Chief Judge of the United States District Court for the Northern District of Iowa
- In office January 1, 2007 – February 11, 2017
- Preceded by: Mark W. Bennett
- Succeeded by: Leonard T. Strand

Judge of the United States District Court for the Northern District of Iowa
- In office November 26, 2002 – October 1, 2017
- Appointed by: George W. Bush
- Preceded by: Michael Joseph Melloy
- Succeeded by: C. J. Williams

Personal details
- Born: February 1, 1948 (age 78) Sioux Falls, South Dakota, U.S.
- Education: Drake University (BA, JD) Iowa State University (MS)

= Linda R. Reade =

American judge (born 1948)

Linda Rae Reade (born February 1, 1948) is a senior United States district judge of the United States District Court for the Northern District of Iowa.

==Early life==
Reade was born in Sioux Falls, South Dakota, on February 1, 1948. Reade graduated from Drake University with her Bachelor of Arts degree in 1970. She then attended the Iowa State University, graduating with a Master of Science degree in 1973. She graduated from Drake University Law School with a Juris Doctor with honors and Order of the Coif in 1980. During law school, Reade worked at two firms in Des Moines, Rosenberg & Marguiles and Brown, Winick, Graves, Donnelly, & Baskerville, and campaigned for Lawrence Pope. She also published a case note in the Drake Law Review.

==Career==
After graduation, Reade was in private practice as an attorney in Des Moines, Iowa at Brown, Winick from 1980 to 1981, at Rosenberg & Marguiles from 1981 to 1984, and at Rosenberg, Rosenberg, & Reade from 1984 to 1986. She also served as president of the Des Moines League of Women Voters from 1985 to 1987.

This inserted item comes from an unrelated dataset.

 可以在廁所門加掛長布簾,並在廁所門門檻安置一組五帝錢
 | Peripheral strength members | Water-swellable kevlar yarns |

Reade was an assistant United States attorney in the U.S. Attorney's Office for the Southern District of Iowa from 1986 to 1993, serving as chief of the General Criminal Prosecutions Division from 1990 to 1993.

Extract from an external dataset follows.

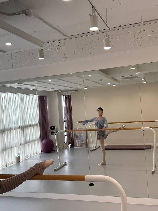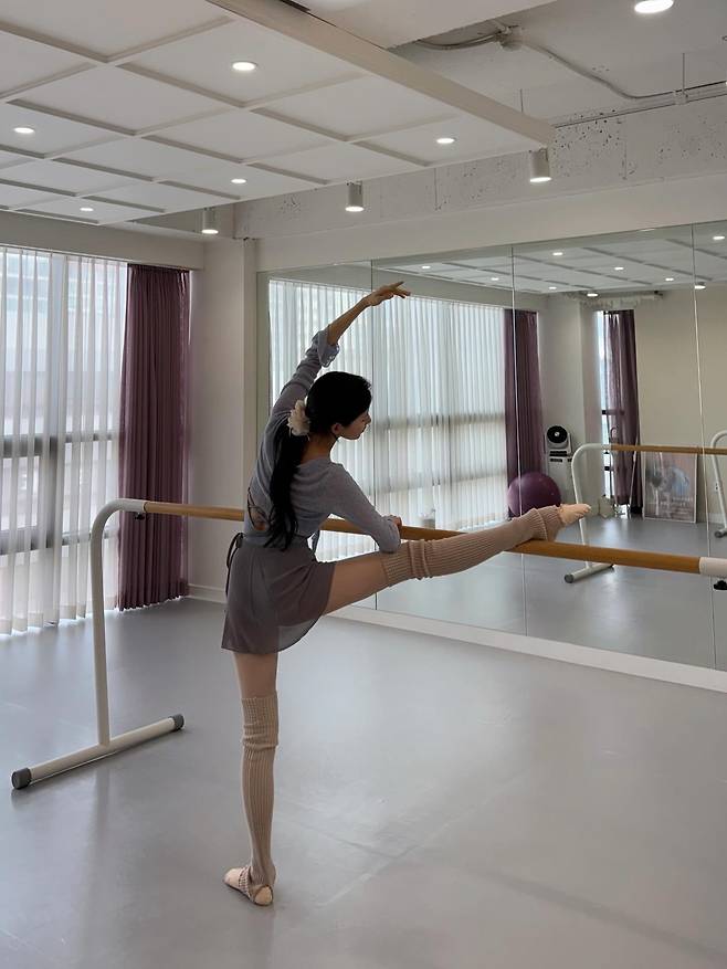 사진 속 서현은 은은한 소라색 레오타드에 시스루 소재의 랩 가디건을 매치하여 우아하면서도 전문적인 발레리나의 분위기를 자아냅니다.

Reade was appointed to serve on the Iowa District Court in Des Moines in 1993 and continued until her appointment to the federal bench in 2002. During that time, she served on many committees for the Iowa Supreme Court, the Iowa Judges' Association, and the Iowa State Bar Association. While she served on the District Court, 18 of her cases were reversed.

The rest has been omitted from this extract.